Example 1.1 (continued) Cancer Research UK report a breast cancer prevalence of 4.5% for 59-year old British women. The corresponding predictive values are shown in the third row of Table 1.4: the positive predictive value is only 56% whereas the negative predictive value is 99%.
Prevalence | PPV | NPV |
---|---|---|
0.6% | 14% | 100% |
1.0% | 22% | 100% |
4.5% | 56% | 99% |
10.0% | 75% | 98% |
1.2.3 Likelihood ratios
Likelihood ratios are an alternative way for summarizing the accuracy of diagnostic tests.
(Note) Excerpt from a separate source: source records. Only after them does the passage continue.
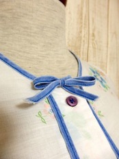 襟ぐり・フロントセンター部分にはブルーカラーの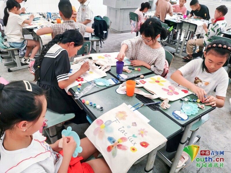 图为小朋友制作“个性帆布袋”。 中国青年网通讯员 李卓宸 摄
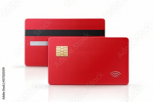 3D rendering of a red credit card, symbolizing banking and financial transactions. (3d-icon)

Definition 1.4 The positive likelihood ratio is defined as
\[\begin{equation*} \mbox{LR}^+ = \frac{\mbox{Sens}}{1-\mbox{Spec}} \mbox{ and} \end{equation*}\]
the negative likelihood ratio as
\[\begin{equation*} \mbox{LR}^- = \frac{1-\mbox{Sens}}{\mbox{Spec}}. \end{equation*}\]
Likelihood ratios are ratios of probabilities and summarise how many times more (or less) likely study subjects with the disease are to have a particular test result (\(\mbox{LR}^+\) for a positive result, \(\mbox{LR}^-\) for a negative result) than study subjects without the disease. In contrast to predictive values, they do not depend on disease prevalence.
Useful tests have \(\mbox{LR}^+ > 1\) and \(\mbox{LR}^- < 1\). Likelihood ratios above 10 and below 0.1 are considered to provide strong evidence to rule in or rule out diagnoses (Deeks and Altman, 2004), respectively.
In the MW study (Example 1.1) we obtain: \[\begin{align*} \mbox{LR}^+ = \frac{86.6\%}{3.2\%} = {27.1} \ &\mbox{ and } \mbox{LR}^- = \frac{13.4\%}{96.8\%} = {0.14} \approx {1/7}. \end{align*}\]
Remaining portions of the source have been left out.